It seems logical to position the systems forth processing of natural rocks in those locations where mining takes place. However, only small amounts of waste material are generated at different places during building material recycling. It is expensive to store or transport demolition material and it requires significant logistical support. It is also very expensive to transport the demolition material to landfills or to stationary recycling yards. The distances between the location where the material is generated and the location where the material is processed lead to the ?mobile? idea.

The requirements for recycling are rarely the same as the requirements for processing of natural rock. However, Kleemann generated significant sales for wheeled systems during the 1970s and 1980s, especially for construction projects with a limited duration. This included road building projects in remote areas with the requirements to cost-effectively mine local rock deposits or large construction sites with limited space such as tunnels, bridges or dam projects. Due to the high requirements on the final product quality, mobile crushing and screening systems were originally only used as primary crushing and pre-screening systems. The refinement of the material through the use of additional crushing and screening stages followed only much later.

With few exceptions, wheeled systems can currently only be found in countries where the transport of tracked systems on flat bed trucks results in significantly higher costs. So-called portable systems are used in those cases where stationary systems cannot be used for legal approval reasons. Small to medium size systems with weights of 20 to 70 tonnes are mainly placed on skids but also on hydraulic support feet. Larger systems are disassembled for the transport of their components. This system option only makes sense if it only needs be relocated rarely, eg one to two times per year or even after several years. This is why portable systems are often found as part of a stationary recycling system or as a supplement for a natural rock processing system with limited space. The ?tracked? crushing and screening systems have by far the largest market share among the ?mobile? systems.
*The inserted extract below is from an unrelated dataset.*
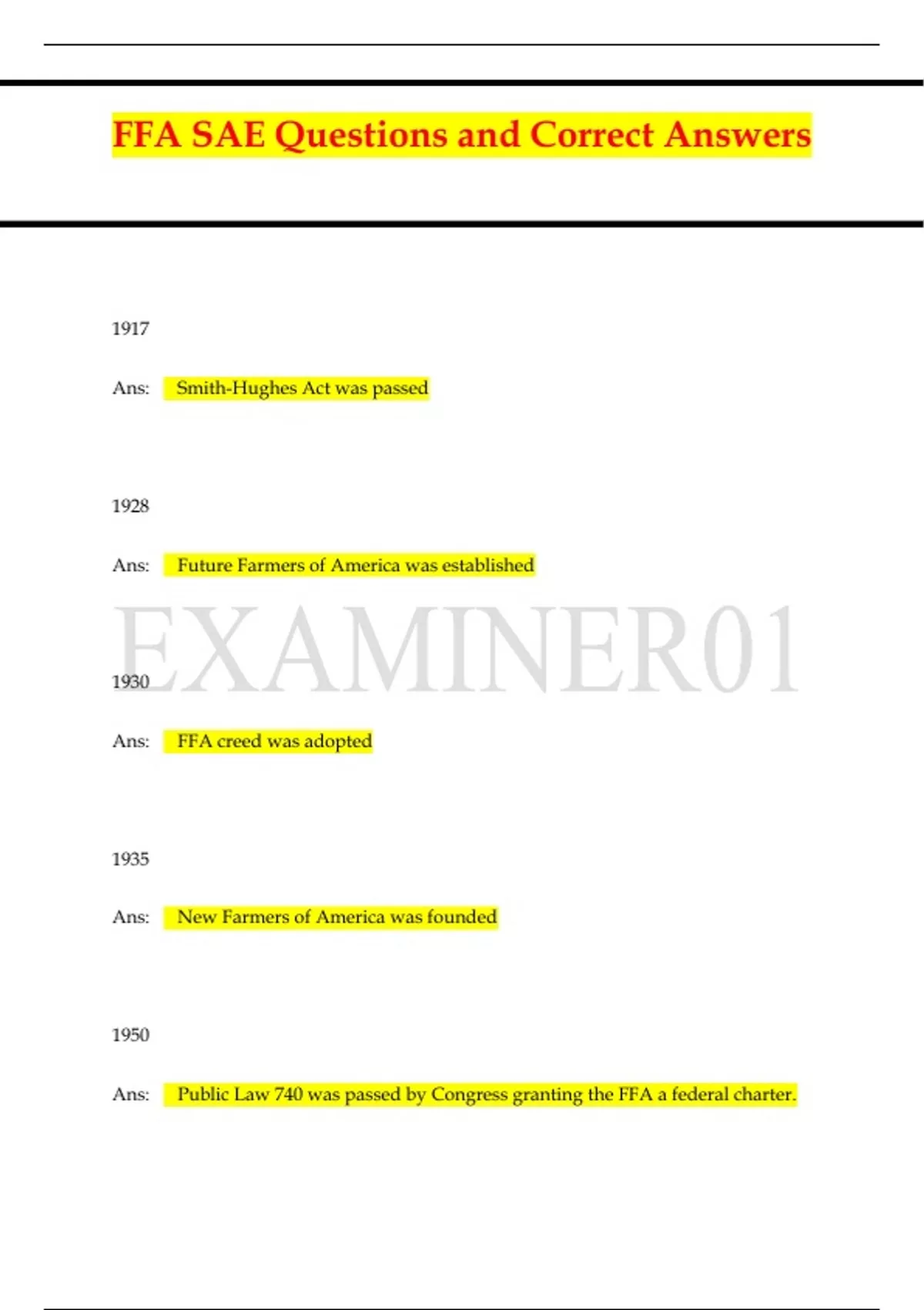 FFA SAE Questions and Correct Answers

The new series SHB impact crushers are used for the tracked Mobirex systems. The development of this crusher was specifically aimed at a wide application range because a large number of customers use the system to process different materials. All impact crushers of this series have hydraulically adjustable impact aprons and a rotor with four blow bars that can be delivered in different material variations depending on the application. The crusher can produce different crush curves and final grain sizes for the same base material by adjusting the rotor speed in a range of approximately 30 to 40m/s and by adjusting the crusher gap of -100 to +150mm at the lower apron and 0 to 300mm at the upper apron. Drive force and centrifugal mass are very important in an impact crusher.

The size reduction of the crushed product in an impact crusher is achieved in several different ways. When the rocks first enter the impact crusher, they will be caught by the rotor?s blow bars and thrown against the first impact apron.

At first, the rocks are reduced when they are struck by the rotor blow bars, then they are further reduced in size when they strike the impact aprons. They will be thrown back into the rotor, caught again by the blow bars and afterwards again thrown against the impact apron. This process is repeated until the required grain size is achieved, which allows the rocks to pass through the adjusted gap between impact apron and blow bar. Three mechanisms contribute to crushing the rock parts:
1. The contact of the rock with the blow bar.
2. The contact of the crushed product with the impact apron.
3. The contact of the material impacting with itself.

Different drive options are used, depending on the application and size of the system. An electrical generator is always used. This produces the electricity required to drive the conveyor belts, vibrating chutes and screens. Depending on the system type, the crushing operation is normally powered hydraulically or electrically. Smaller systems are normally delivered with so-called direct drives.

Impact crushers are used for the processing of soft to medium hard rocks, such as limestone, dolomite, clay, shale and sandstone and they are also widely used for crushing demolition and construction materials such as asphalt, bricks, concrete and reinforced concrete.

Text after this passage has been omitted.